The computer world has pretty much reinvented itself since Dr. Jon Rickman earned his Ph.D. in computer science more than 30 years ago.

But the vice president of information systems at Northwest Missouri State University has stayed on top of his game, literally.

Dr. Rickman was behind Northwest becoming the first electronic campus in the U.S. in 1987. He’s also the guiding force behind Northwest’s distinction as a “laptop campus,” which launched in 2005 and gave every student living on campus a Gateway laptop computer.

Beginning this semester, every full-time student at Northwest receives a new Hewlett-Packard laptop. Part-time students receive the refurbished Gateway computers.

“There is a very high level of excitement from the students,” Dr. Rickman said.

About 6,000 new laptops arrived on campus this summer. Computing staffers scurried to transfer software onto the machines before students arrived for fall semester courses Monday.

About 3,000 of the new computers were handed out to students over a two-day period last week at the Electronic Campus Support Center, which recently was named in honor of Dr. Rickman for his 30-plus years of service at Northwest.

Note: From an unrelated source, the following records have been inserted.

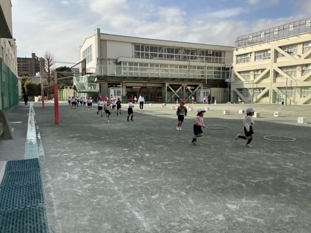 1年生は3分間走に取り組んでいます。自分のペースをつかめてきたようで最後まで無理なく走り切っています。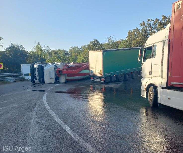 O autobetonieră s-a răsturnat miercuri dimineaţă pe DN 7, în zona localităţii Cotmeana, a anunţat Inspectoratul de Poliţie Judeţean Argeş.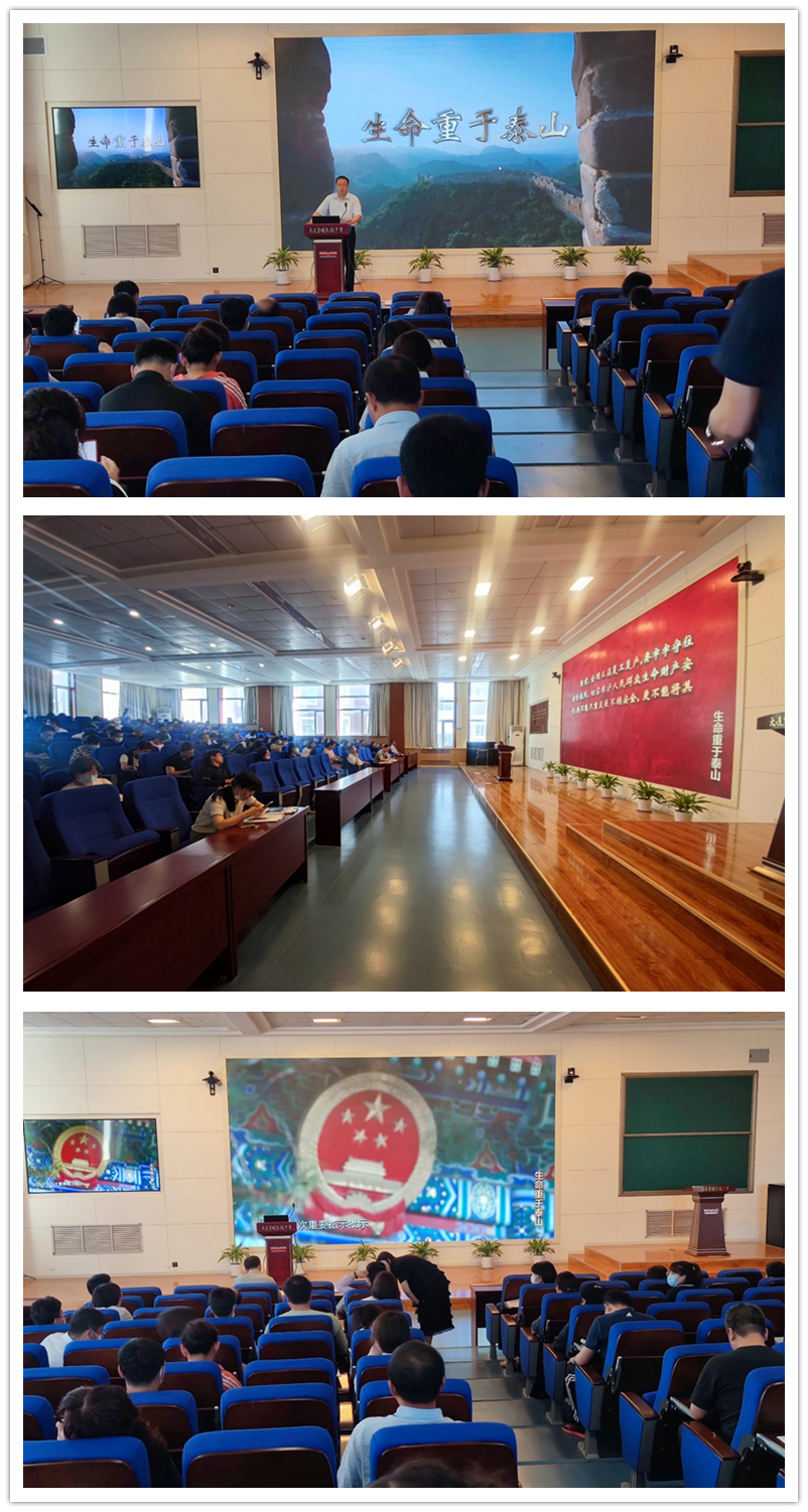 为响应省委、市委紧急号召,6月18日,大连育明高级中学召开集体学习大会,组织全体教师集体观看学习《生命重于泰山—学习习近平总书记关于安全生产重要论述》专题片。会议由党总支副书记陈德军主持。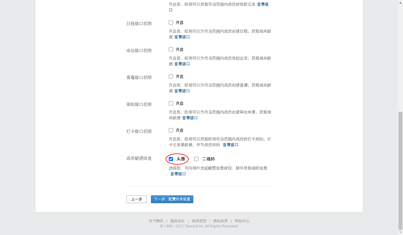 应用权限部分需留意最下方成员敏感信息处,需勾选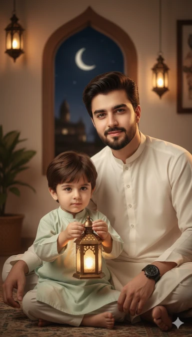 IMPORTANT – FACE LOCK (ABSOLUTE & NON-NEGOTIABLE) Keep the subject’s real face exactly identical to the uploaded refreshed reference image. Do NOT change facial structure, jawline, eyes shape, eyelids, eye distance, nose shape, lips, beard pattern, hairline, age, or expression. Maintain 100% identity accuracy. No beautification, no face reshaping, no AI facial correction. Preserve real human skin texture, pores, fine lines, uneven tone, tiny blemishes, asymmetry. Face realism has higher priority than lighting, pose, color, or background. Face must look naturally imperfect like a real DSLR photo, NOT stylized, NOT smooth. SCENE DESCRIPTION Ultra-realistic human documentary-style Ramadan scene of a real father and child sitting together indoors, captured like a raw DSLR photograph, not cinematic art, not AI-generated look. SUBJECTS (BOTH 100% HUMAN) Father (Reference Face 1): • Exact same face from refreshed image • Natural beard texture, individual hair strands visible • Wearing plain off-white galabeya • Sitting relaxed, shoulders slightly forward • Soft natural smile (not posed) Child (Reference Face 2): • Exact same real human child face • Natural skin texture, tiny pores visible • Wearing simple pastel kurta • Sitting close beside father • Holding a small lantern carefully with both hands • Innocent relaxed expression ENVIRONMENT • Simple living room / prayer room • Islamic arch window behind • Crescent moon visible outside • Few soft hanging lanterns • No fantasy decorations • Realistic home environment LIGHTING (ANTI-AI) • Natural warm tungsten light from lantern • Soft ambient room light • NO cinematic rim light • NO glow • NO artificial highlights • Natural shadow fall like mobile DSLR CAMERA & QUALITY • Eye-level angle • Mid-shot framing • Zero blur on faces • No portrait mode • Slight natural noise/grain • Looks like iPhone / DSLR click • Ultra-HD clarity but raw, not polished MOOD • Calm • Family warmth • Spiritual Ramadan evening • Natural & unstaged NEGATIVE PROMPT (VERY STRONG – AI FACE REMOVAL) cartoon, anime, Pixar, CGI, illustration, 3D render, smooth skin, plastic skin, wax face, beauty filter, airbrushed face, AI face, face enhancement, stylized lighting, cinematic glow, unreal eyes, doll face, fantasy look,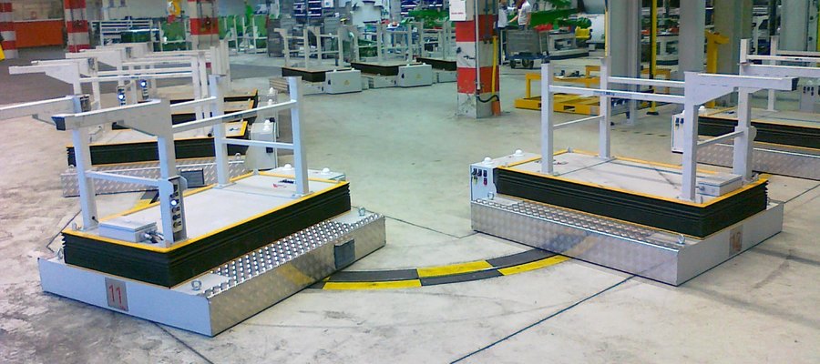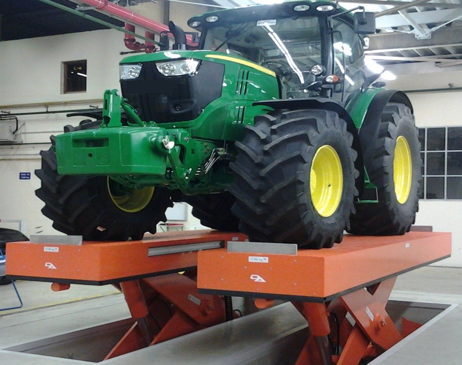 Entwicklung, Konstruktion und Lieferung von einer Montagelinie mit 12 intelligent selbstfahrenden Montagehubwagen für die Aufnahme von Traktorrahmen und die Vormontage der Vorderachse |

The laptop program is funded through students who pay a $10 per credit hour technology fee. Students also pay a $6 per credit hour textbook rental fee, which Northwest officials say saves students hundreds of dollars. The two combined are a useful marketing tool in recruiting new students.

“I think it’s one thing that the parents really appreciate,” Dr. Rickman said, mentioning that if the computer malfunctions, there is a trained support staff on campus that can usually solve the problem within 15 minutes.

The laptop campus idea is still a novelty at public institutions. Dr. Rickman said he didn’t know of another laptop campus in the four-state region.

Asked what he has planned for the future, Dr. Rickman tries to remain tight-lipped. However, electronic textbooks seem to be of interest to him and other Northwest officials, including Dr. Dean Hubbard, president.

“It’s not going to happen over night, but there has been a lot of movement in that directions,” Dr. Rickman said of new technologies moving away from the traditional textbooks.